I disappeared off to one of the conference’s “quiet areas” and attempted to “create my own network”. Within five seconds someone called Marie-Laure Buisson was telling me about the time she was sexually assaulted by a famous French politician.
“He grabbed me by the throat and tried to kiss me,” she said. “It was at the Assemblée Nationale. In the beginning I was not really a feminist,” she continued. “But I discovered the problem in the world was really huge.”
Marie-Laure and I exchanged business cards and only then did it occur to me, Deauville is a single-issue conference. The women come here to talk about themselves. That’s what we were doing – it had become extinct in Britain. We were being feminists. “How can you be a woman,” asked Amélie D’Oultremont, a cashmere-swaddled general manager from Belgium, “and not be a feminist?”
I found De Thuin exhausted in a press booth; she had managed to collapse there without appearing less steely or more rumpled. “I feel something is being set in motion,” said De Thuin. “There is a new movement of feminists. Women want to talk about their experiences, share other experiences. This is not about power. I think women are in the process of finding a new voice.”
A study published by the World Economic Forum ranks Britain as the 11th most “gender-equal” country in the world. This, compared to the United States at 31 and France at 51. “In France we have the crèche system,” said De Thiessen. “You are very behind in England, I think.”
When, later, Stéphanie Ferran, a Parisienne management consultant with Bain & Company, asked me where I lived (“London”) she touched my arm in sympathy – “London is a very difficult place for a woman to work,” she said. “I’ve seen what it’s like in the City when my boyfriend worked there for two years. Who are these girls who hang around in the nightclubs? It is difficult to know whether they are models or… [she lowered her eyes in a manner that suggested the unsayable word was “prostitutes”]. There’s no pressure for men to settle down like there is in Paris.”
As I said, in Deauville I met high-flying Italian lawyers, axe-wielding French entrepreneurs, uncontradictable Romanian marketing gurus, ball-breaking Chinese managing directors and pioneering American vice presidents. I met Spaniards and Russians and Belgians and Swedes. A handful of Latin-Americans, even. In the film version most of them could have been played by Michelle Pfeiffer or Gong Li.
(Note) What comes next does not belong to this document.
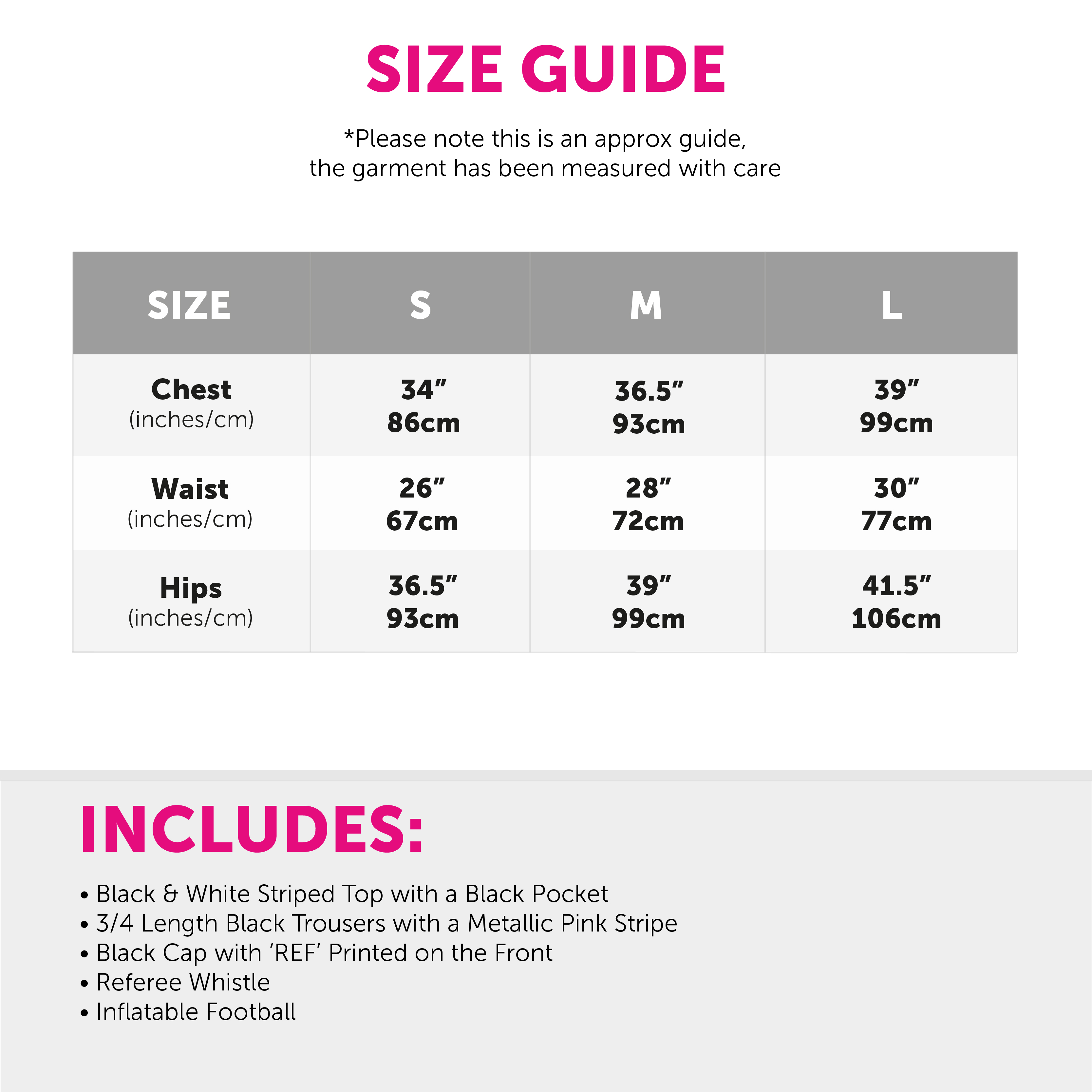 AVAILABLE IN MULTIPLE SIZES: This Stag Do Referee Costume is available in various sizes, from Small to Large: Small - Chest 34" (86cm), Waist 26" (67cm), Hips 36.5" (93cm) | Medium - Chest 36.5" (93cm), Waist 28" (72cm), Hips 39" (99cm) | Large - Chest 39" (99cm), Waist 30" (77cm), Hips 41.5" (106cm)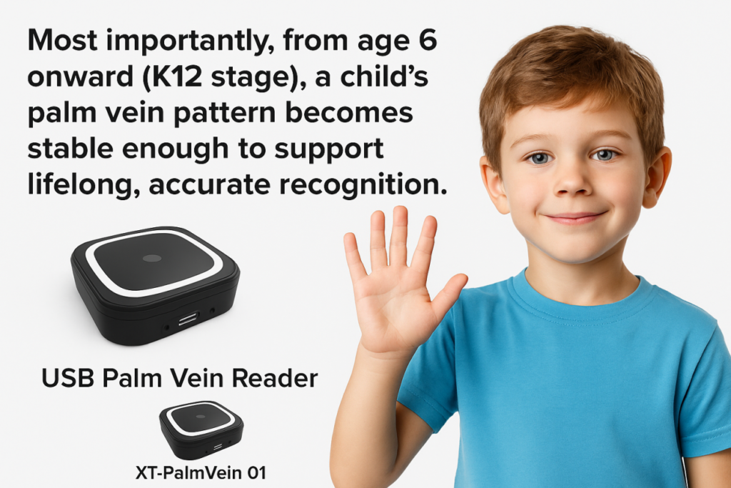In the world of biometrics, not all technologies are created equal—especially when it comes to children and students. Palm Vein Recognition offers a safer, more hygienic, and privacy-friendly approach to identity verification. Most importantly, from age 6 onward (K12 stage), a child’s palm vein pattern becomes stable enough to support lifelong, accurate recognition.

And then I met Brits. Just a handful. But I could have seen that they were Brits from an aeroplane. The British women looked exhausted and neutered; mentally we were still stuck because of signal failures in the bowels of the Northern Line somewhere between Moorgate and Bank. Imelda Staunton would have played us beautifully in the biopic. Our hair was like straw, our bodies unexercised, our faces lacked sufficient nuance and coverage. Perhaps none of this matters. There is an argument that such ascetism is a symbol in itself of the egalitarian work-place. But, Deauville taught me, there are places on this earth in which babies, Christian Louboutin shoes and stratospheric career paths co-exist.